Andreas: Deine Spiele sind neben ihrem abgedrehtem Inhalt auch immer sehr regelarm. Empfindest du Regeln als unnötig?

Jürgen: Nein, Regeln sind nicht unnötig. Ich bin ein Anhänger der System-Matters-These und ich halte mich auch als Spielleiter an die Regeln. Verdeckt würfeln, Würfel drehen oder eigenmächtig Regeln ändern ist mir ein Graus. Da ich komplexe Systeme mit extrem taktischen oder simulationistischem Ansatz nicht mag, lag es nahe etwas mehr erzählerisches zu schreiben. Da ich mich als Spielleiter weder als Erzählonkel noch als Alleinunterhalter oder Railroader sehe, gebe ich gerne etwas Verantwortung an die Spieler ab, was mich zu Player-Empowerment führt. Ich schreibe meine Spiele, also exakt für meinen Spielstil. Jedenfalls SpacePirates ist so geschrieben, das Weltenbuch entspricht mittlerweile nicht mehr meinen vorlieben, weshalb ich SpacePirates schon immer wesentlich lieber als das Weltenbuch leite. 

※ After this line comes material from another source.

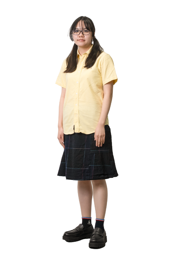 面接当日は「普段着でお越しください」と指定がありましたが、清潔感と落ち着きを意識しました。明るい黄色のシャツに紺の膝丈スカートを合わせ、足元はローファーで統一。自分らしさを残しつつも、誠実で好印象を与えられる装いを心がけました。

Andreas: Hattest du nicht auchmal die Idee was „Großes“ zu basteln? Mit komplexen Regeln, vielen vielen Seiten Hintergrund, vielen Leuten die Mitarbeiten etc.? Ich denke hier zum Beispiel an das Projekt Seelenfänger von Jörg aus Hamburg.

Jürgen: Ja, diese Idee hatte ich mit Dead-Channel, meinem ersten Projekt, was mit Pauken und Trompeten gescheitert ist. Wenn ich Rollenspiele schreibe, habe ich mittlerweile ein genaues Bild im Kopf, oder es entwickelt sich langsam, das ich nicht genau ausdrücken kann. Jedenfalls nicht zum Anfang eines Projekts, daher schreibe ich lieber alleine an meinem Rollenspiel und sammle möglichst schnell Feedback um ein klareres Bild zu bekommen. Ein großes Projekt mit vielen Autoren und damit verbundenen vielen Ideen und Ansprüchen führt dazu, dass man Kompromisse eingehen muss, wie bei jeder Teamarbeit und das führt für mich dann nicht mehr zu meinem eigentlichen Ziel. Von komplexen Regeln halte ich nicht viel, Regeln müssen so designt sein, dass sie zum geplanten Spielstil passen, ob die dann komplex oder einfach sind, ergibt sich daraus. Komplexe Regeln an sich, sind für mich kein Ziel. Zu Seelenfänger kann ich nicht viel sagen. Ich kenne Jörg von der RPC und er ist ein sympathischer Typ, der engagiert an seinem Projekt arbeitet. Aber für mich ist SpacePirates ein Projekt das groß genug ist und es hat mir persönlich immer wieder bewiesen, dass ich damit viel Spaß und viele lustige Runden haben kann und ich habe damit auch den ein oder anderen Spieler begeistern können und das ist für mich das wichtigste an meinen Projekten.

Andreas: Wie ist denn generell so der Zuspruch wenn du sagst du bist Rollenspielautor?

Jürgen: Durchwegs positiv kann ich da nur sagen. Viele Leute in der Szene haben sich schon als Autor versucht und wissen oder vermuten, was es für Arbeit bedeutet so etwas wie SpacePirates  auf die Beine zu stellen. Leute die Rollenspiele allgemein nicht kennen, sind auch immer sehr interessiert und wissen die kreative Arbeit zu schätzen. Rollenspiel hat keinen so schlechten Ruf, wie man denken mag. 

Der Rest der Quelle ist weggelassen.